*Try it*. Pictures do not belong in your copy. Repeat all the other data exactly.

• • •

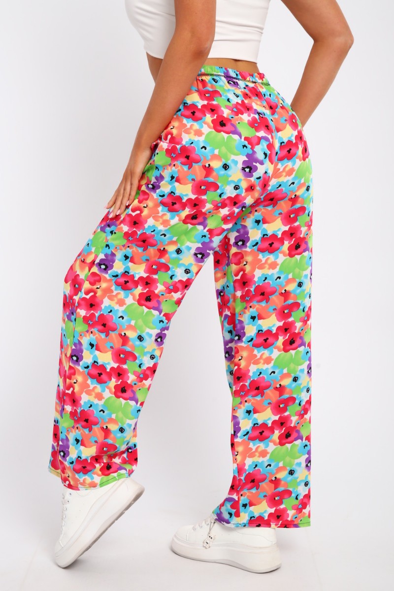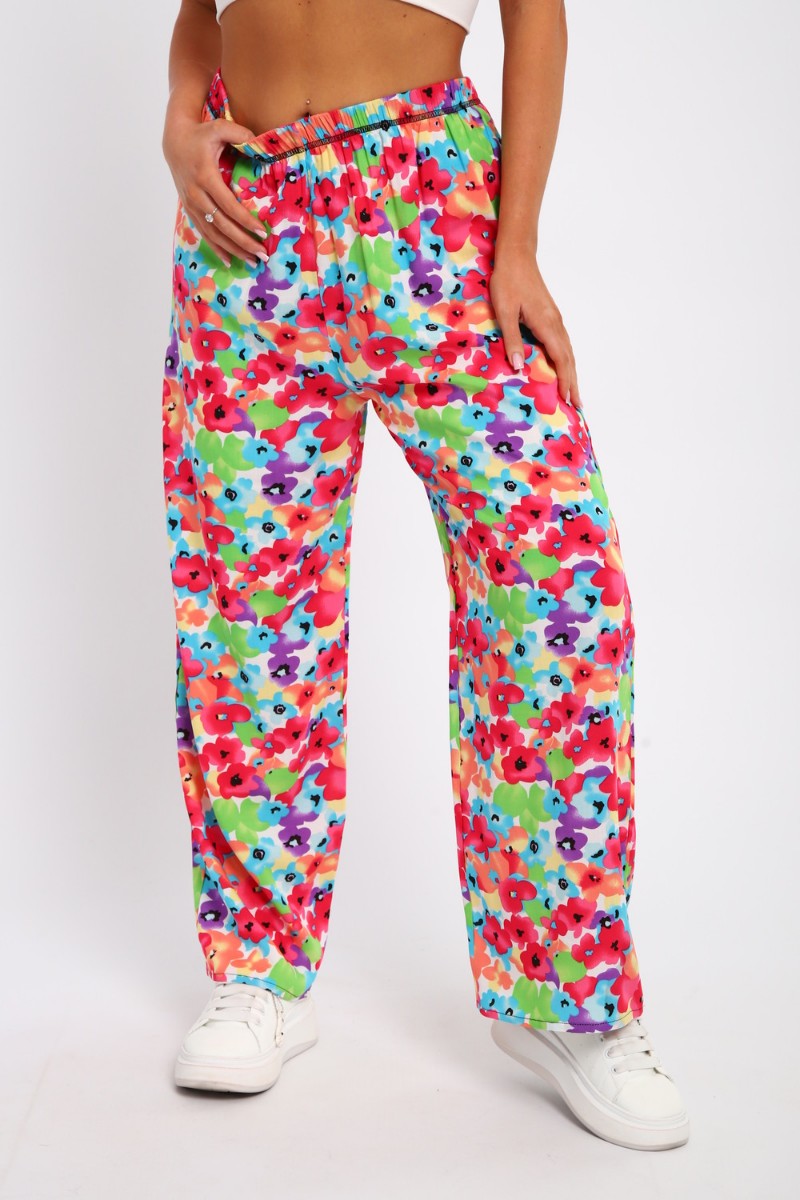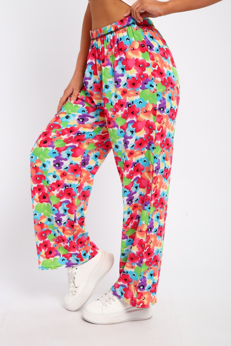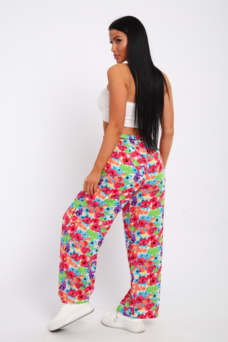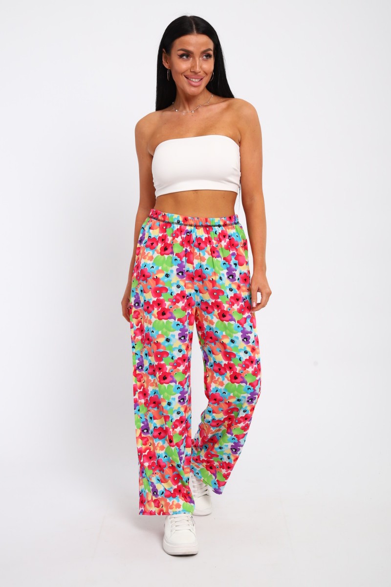 Брюки женские №74365 штапель (р-ры: 46-52) цветы на белом
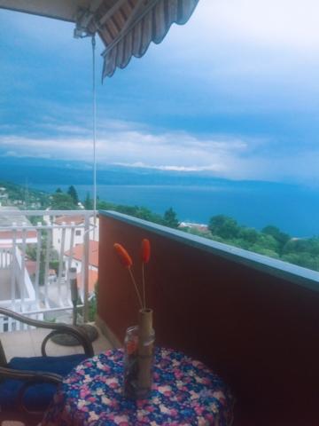 Studio apartma, gladka in popolnoma opremljeno za 2 osebi ali 2 1. A panoramski pogled na celoten Kvarner, Cres in Krk. Parkirišče pred zasebnega gradbenega brezplačno. Stanovanje ima lasten vhod. in imajo svojo zasebnost na terasi. Zaželeno je, da za mlade, saj se nahaja v 4. nadstropju stavbe brez dvigala. Le 5 minut vožnje z avtomobilom do glavne plaže v Ičići.
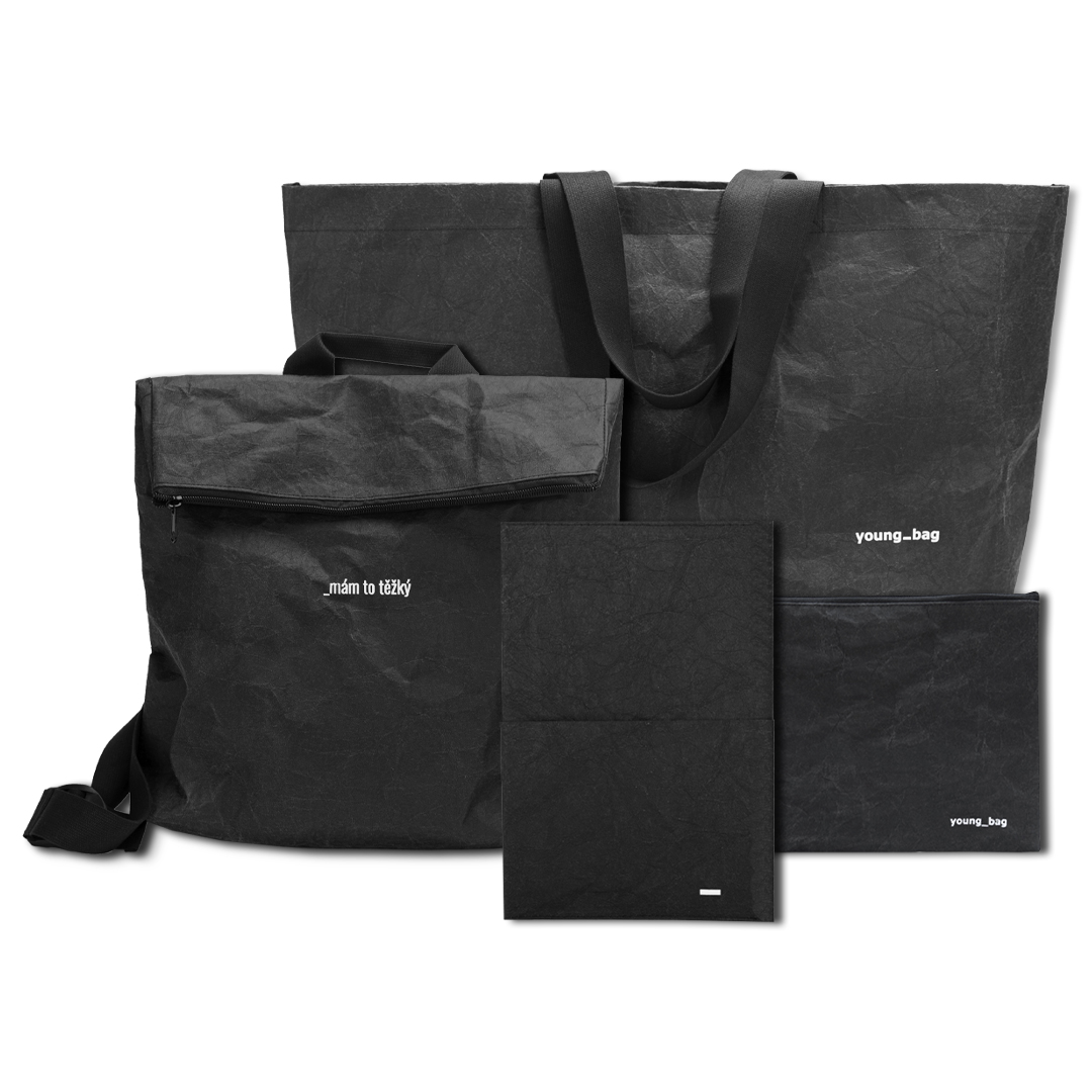 blok v obalu s kapsou, velká taška, velký batoh a kapsa na zip v černé barvě
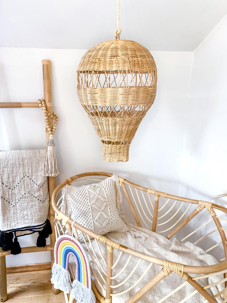 Its airy, textured design complements spaces with balloon-shaped lighting and works beautifully in living rooms, bedrooms, or even covered terraces. Ideal for anyone who loves handwoven lamp and subtle natural rattan decor accents.
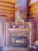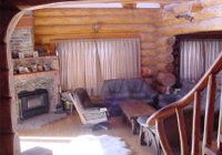 | ログハウスの中です。広いリビングに本格的な暖炉、皆さまでのんびりとしたひと時を・・・ |
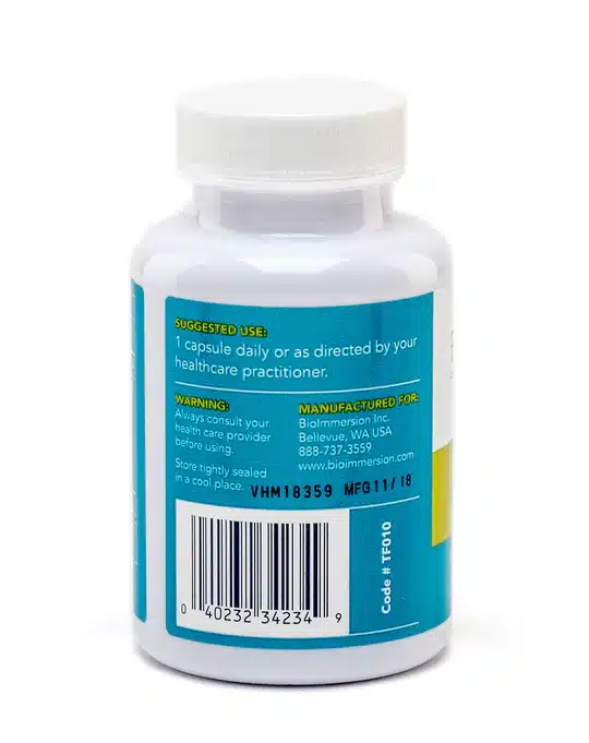 BioImmersion Probiotic Super Blend – Probiotics- Bifidobacterium longum, Lactobacillus casei, Lactobacillus acidophilus, Lactobacillus bulgaricus and streptococcus thermophilus; Prebiotic- Inulin from chicory Root; Supernatant- probiotic metabolites, and ORNs. 30 billion CFU.
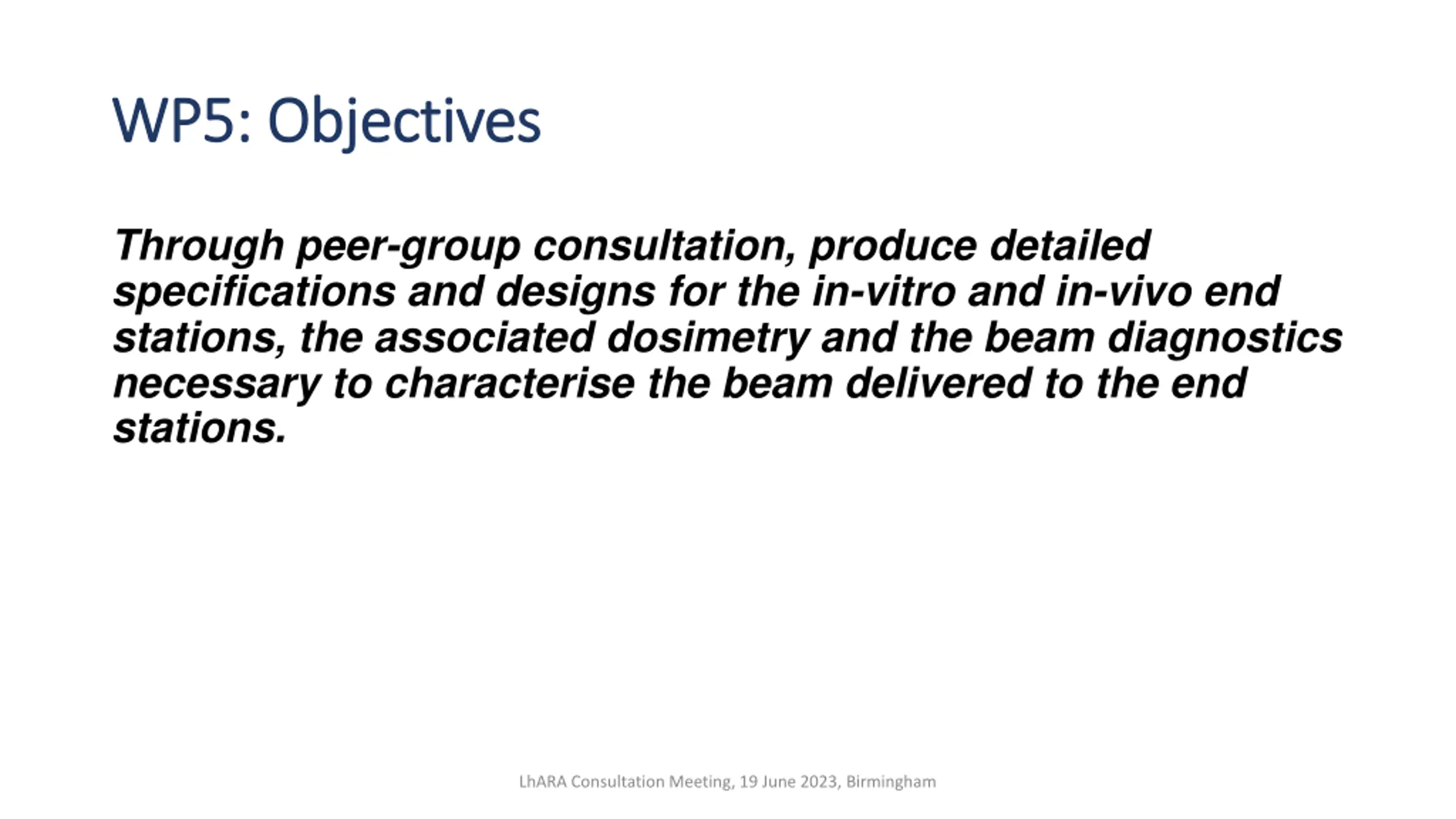 WP5: Objectives WP5: Objectives Through peer-group consultation, produce detailed specifications and designs for the in-vitro and in-vivo end stations, the associated dosimetry and the beam diagnostics necessary to characterise the beam delivered to the end stations. LhARA Consultation Meeting, 19 June 2023, Birmingham

• • •

*Task solution*.
 Брюки женские №74365 штапель (р-ры: 46-52) цветы на белом
 Studio apartma, gladka in popolnoma opremljeno za 2 osebi ali 2 1. A panoramski pogled na celoten Kvarner, Cres in Krk. Parkirišče pred zasebnega gradbenega brezplačno. Stanovanje ima lasten vhod. in imajo svojo zasebnost na terasi. Zaželeno je, da za mlade, saj se nahaja v 4. nadstropju stavbe brez dvigala. Le 5 minut vožnje z avtomobilom do glavne plaže v Ičići.
 blok v obalu s kapsou, velká taška, velký batoh a kapsa na zip v černé barvě
 Its airy, textured design complements spaces with balloon-shaped lighting and works beautifully in living rooms, bedrooms, or even covered terraces. Ideal for anyone who loves handwoven lamp and subtle natural rattan decor accents.
 | ログハウスの中です。広いリビングに本格的な暖炉、皆さまでのんびりとしたひと時を・・・ |
 BioImmersion Probiotic Super Blend – Probiotics- Bifidobacterium longum, Lactobacillus casei, Lactobacillus acidophilus, Lactobacillus bulgaricus and streptococcus thermophilus; Prebiotic- Inulin from chicory Root; Supernatant- probiotic metabolites, and ORNs. 30 billion CFU.
 WP5: Objectives WP5: Objectives Through peer-group consultation, produce detailed specifications and designs for the in-vitro and in-vivo end stations, the associated dosimetry and the beam diagnostics necessary to characterise the beam delivered to the end stations. LhARA Consultation Meeting, 19 June 2023, Birmingham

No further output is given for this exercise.